Tot slot is een vierde aanbeveling om laagdrempelige en schaalbare psychosociale interventies aan te bieden voor mensen die aanhoudende psychische klachten ervaren door een pandemie. Ondanks dat de covid-19-pandemie nu beter onder controle is doordat er effectieve vaccins en medicatie beschikbaar zijn, blijven sommige mensen veel last ervaren van bijvoorbeeld angst voor covid-19. Dit patroon van angst toont veel overlap met de ziekte-angststoornis (Rivera & Carballea, 2020), waarvoor exposure therapie een effectieve behandeling is (Hedman et al., 2016). Het is echter van belang eerst goed zicht te krijgen op welke individuen hier baat bij kunnen hebben en welke psychosociale interventies het meest geschikt zijn.
Conclusie
Angst tijdens een pandemie is gerelateerd is aan zowel positieve (onder meer het volgen van hygiënemaatregelen, vaccinatiebereidheid en lager risico op langdurige gezondheidsgevolgen) en negatieve gevolgen (zoals mentale gezondheidsproblemen, hamsteren, xenofobie en sociale ongelijkheid). Het is daarom van belang te proberen om angst tijdens een pandemie in goede banen te leiden.
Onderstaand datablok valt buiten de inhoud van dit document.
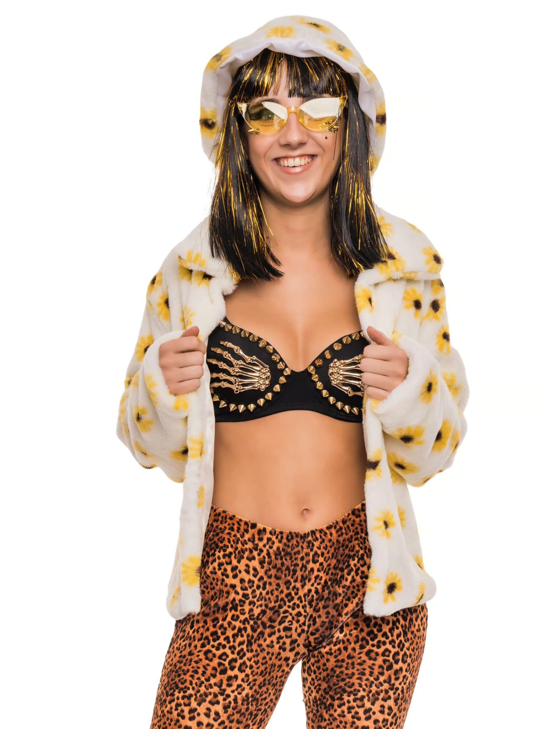 Jacke Faux-Fur Damen gelb/weiß 2XL/3XL, ideal für Karneval & Fasching

In dit artikel hebben we enkele aanbevelingen gegeven om dit te kunnen doen, zoals het focussen op effectieve coping-gedragingen, transparant communiceren, rekening houden met sociale ongelijkheid en psychosociale interventies aanbieden voor individuen met extreme angst. Op deze manier hopen wij bij te dragen aan een effectiever management van angst tijdens toekomstige pandemieën.
Dit artikel is gebaseerd op een voorgaande Engelstalige publicatie door dezelfde auteurs: Mertens, G., Engelhard, I. M., Novacek, D., & McNally, R. J. (2023). Managing fear during pandemics: Risks and opportunities. Perspectives on Psychological Science.